*Your task:* Go through the listing below, and from the line containing "소녀 코트 2024 봄과" through its last line, transcribe every line exactly, skipping pictures.

*Information provided:*
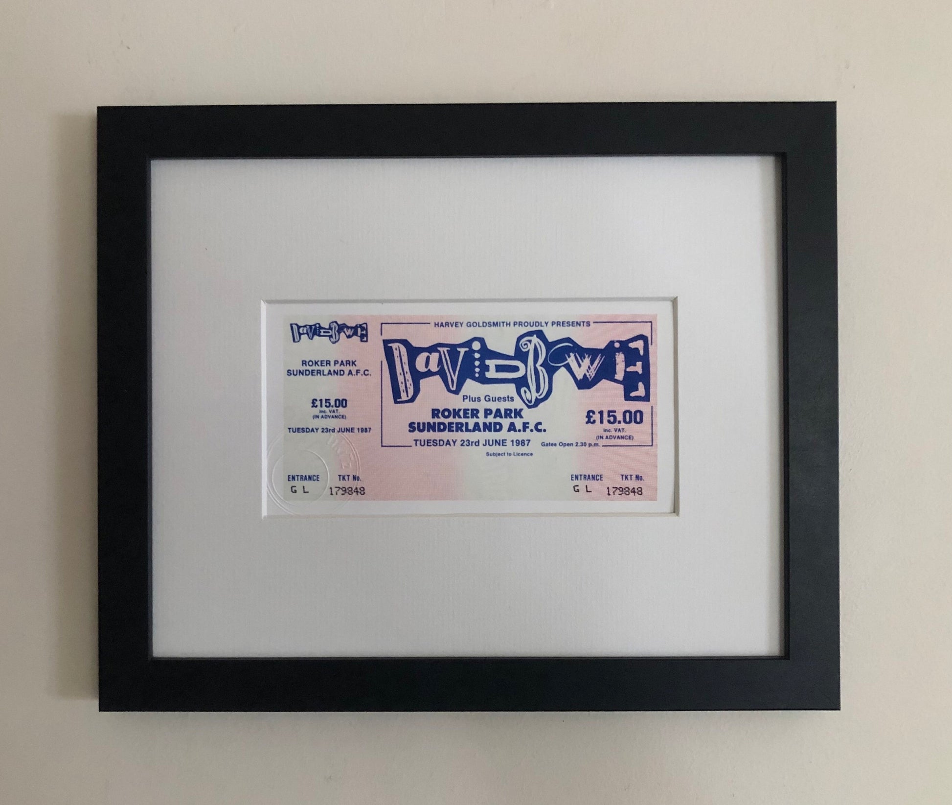 DAVID BOWIE - 1987 “Glass Spider tour” Roker Park, Sunderland AFC framed ticket giclee print
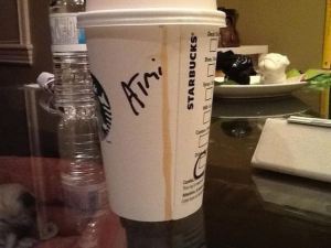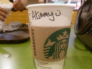 For some reason, Akemi’s name baffles most English speakers who seem incapable of pronouncing it correctly, often offering a variety of erroneous renditions: Acme, Kimmy, Akenny, Ankimo, etc. Nowhere is this more frustrating than at Starbucks where the person at the counter not only mispronounces her name, but writes it down incorrectly as well. But I’m pleased to report the Starbucks has gotten better. Witness the evolution of the Akemi cappuccino…
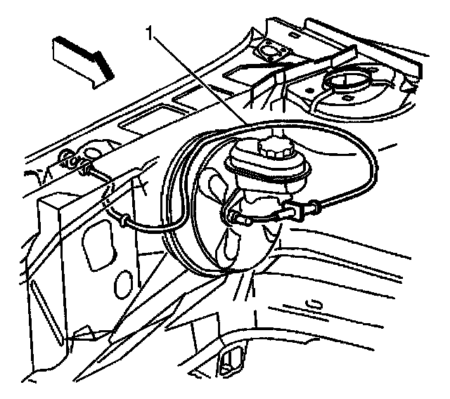 3. Squeeze the accelerator cable cover tangs and push the accelerator cable (1) through the bulkhead.
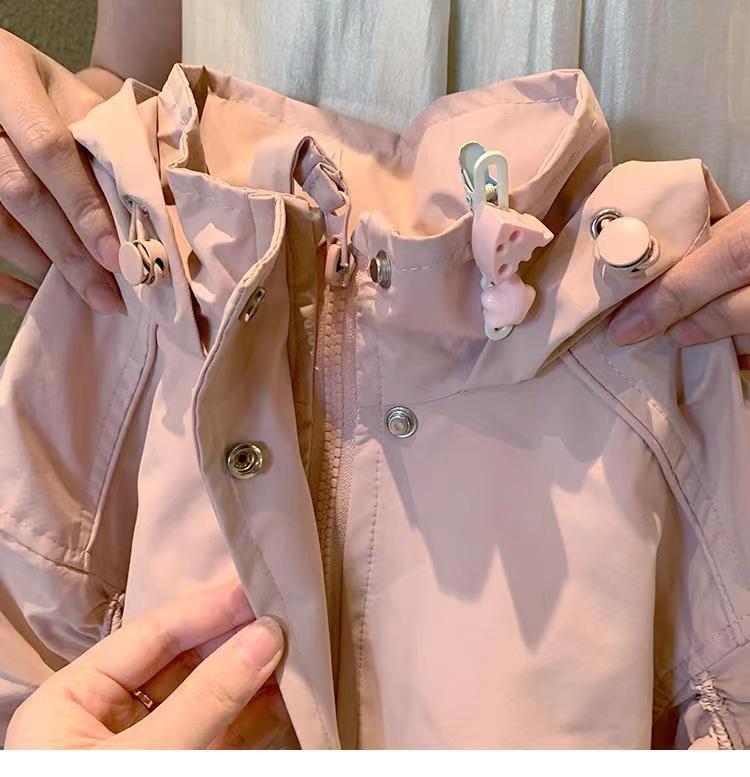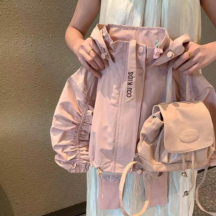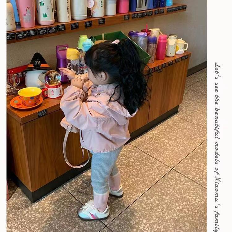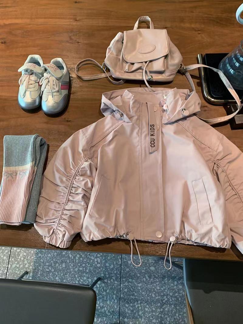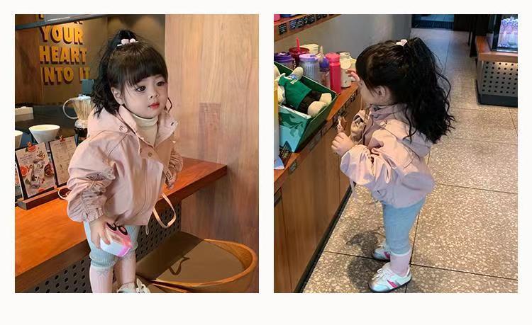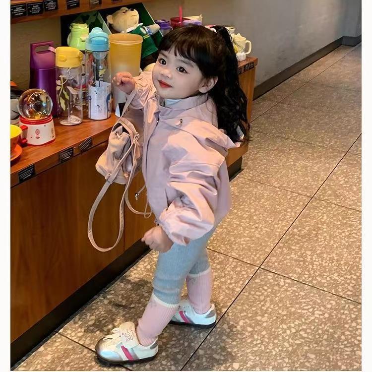 소녀 코트 2024 봄과 가을 새로운 세련된 재킷 유행 최고 어린이 방풍 방수 주름 러시 옷스토어 가기
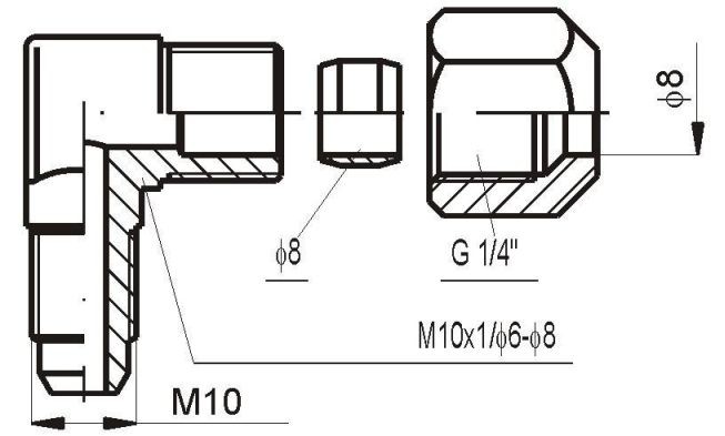 Redukcja kątowa do rurki Cu ø6/ø8 Kpl., M10
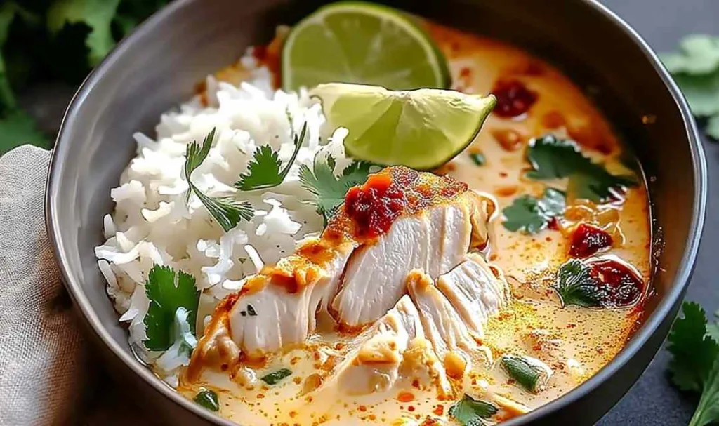Step 10. Serve your coconut chicken brothy rice in bowls, garnishing each portion with chopped green onions, fresh cilantro, and lime wedges on the side for squeezing over the top.
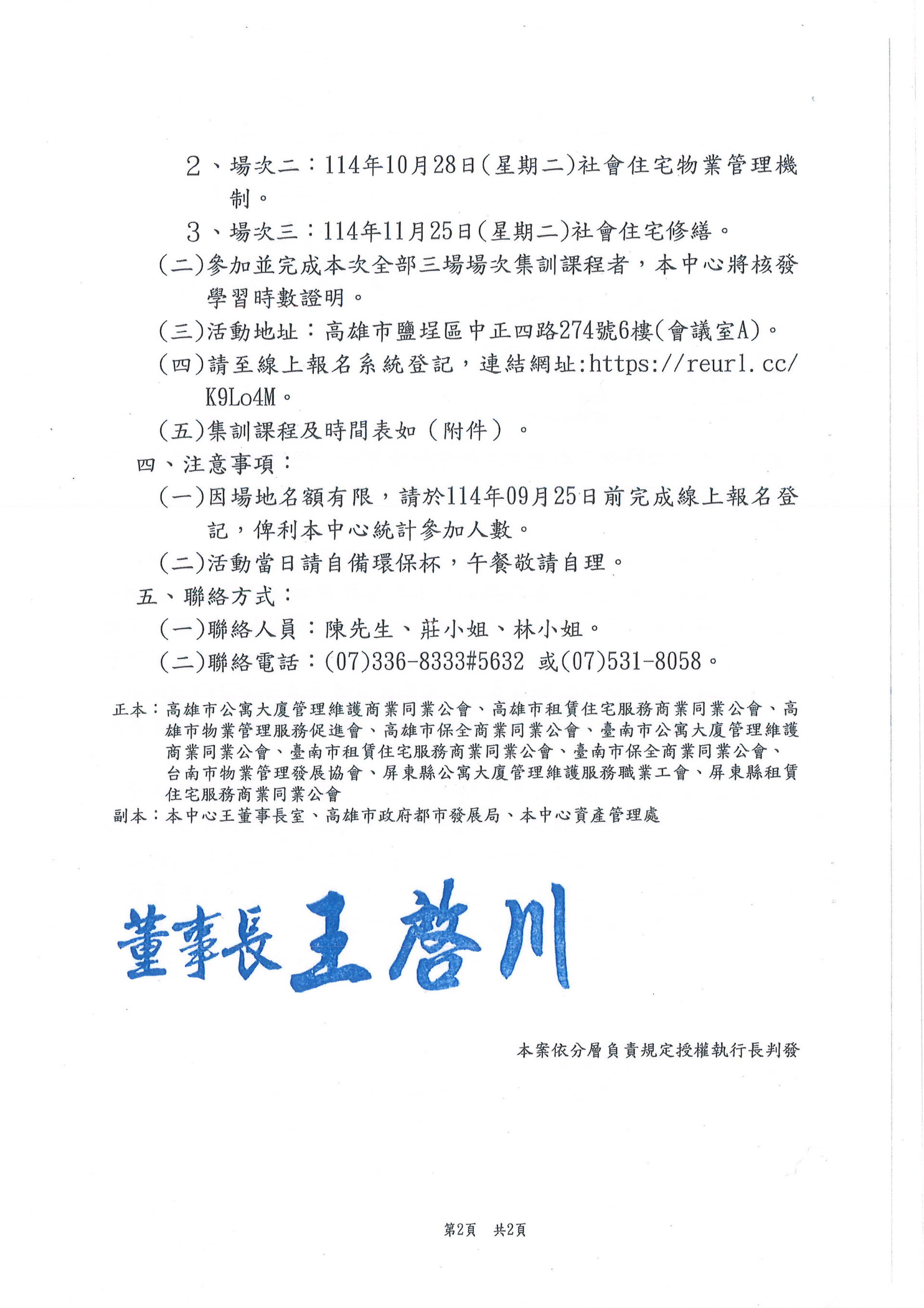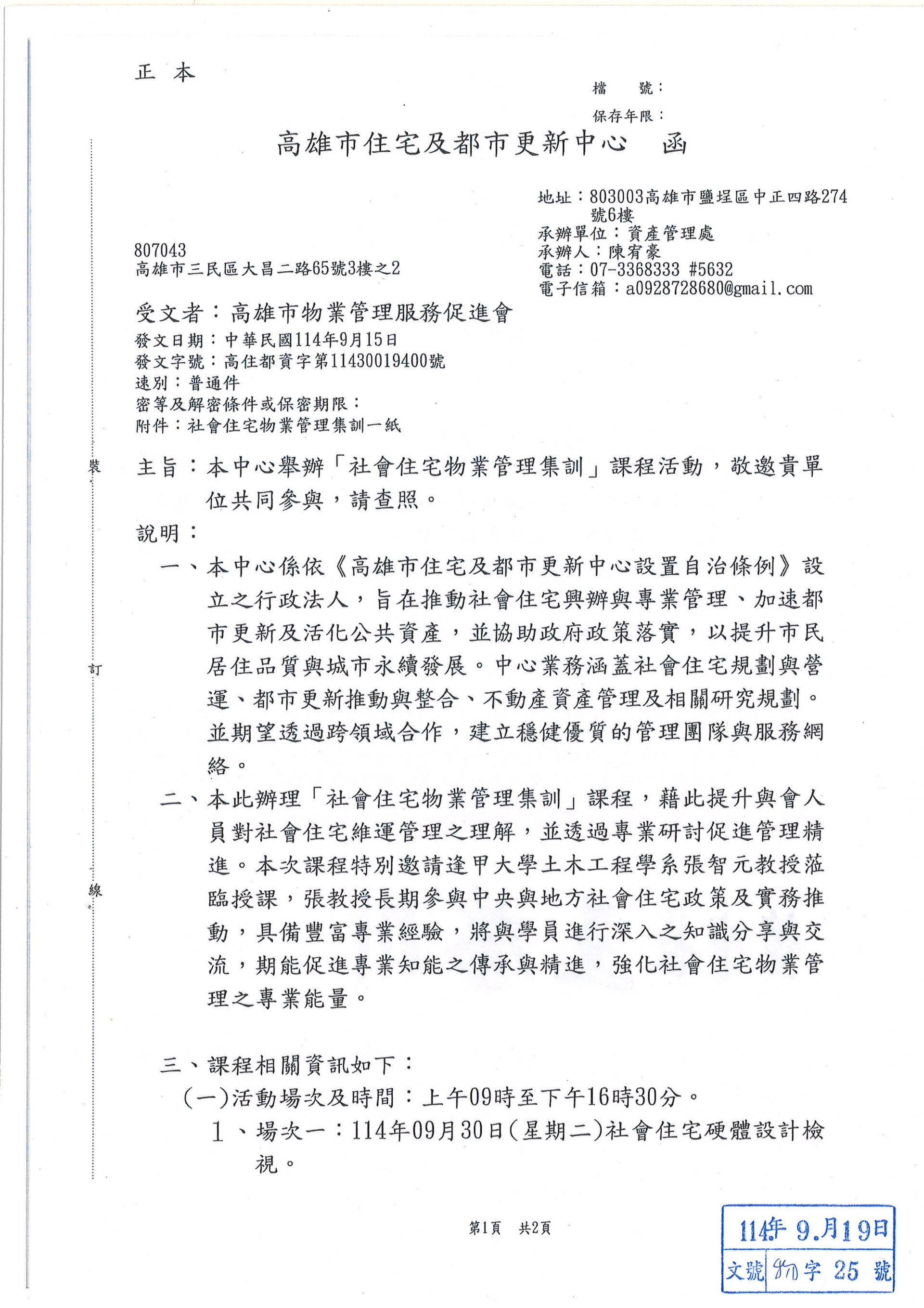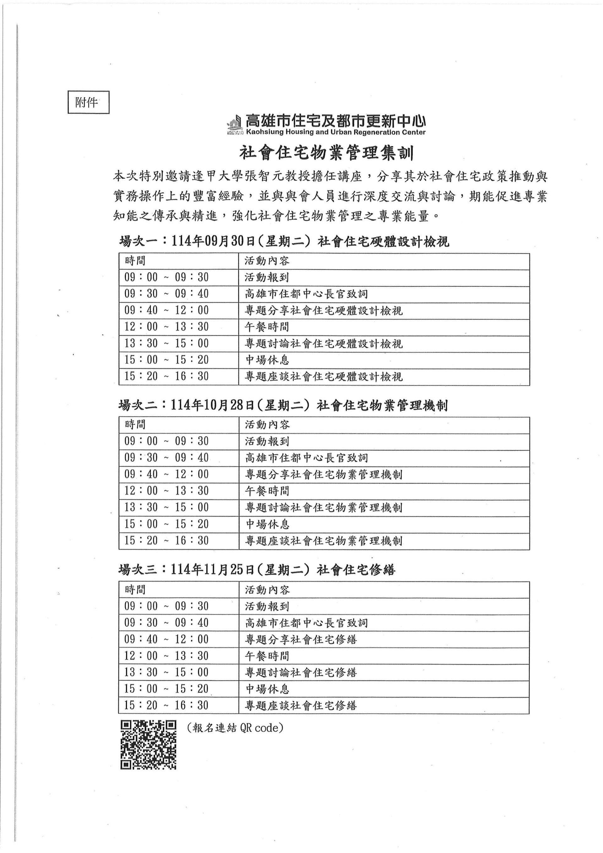 本中心舉辦[社會住宅物業管理集訓]課程活動,敬邀貴單位共同參與

*Exercise solution:*
 소녀 코트 2024 봄과 가을 새로운 세련된 재킷 유행 최고 어린이 방풍 방수 주름 러시 옷스토어 가기
 Redukcja kątowa do rurki Cu ø6/ø8 Kpl., M10
Step 10. Serve your coconut chicken brothy rice in bowls, garnishing each portion with chopped green onions, fresh cilantro, and lime wedges on the side for squeezing over the top.
 本中心舉辦[社會住宅物業管理集訓]課程活動,敬邀貴單位共同參與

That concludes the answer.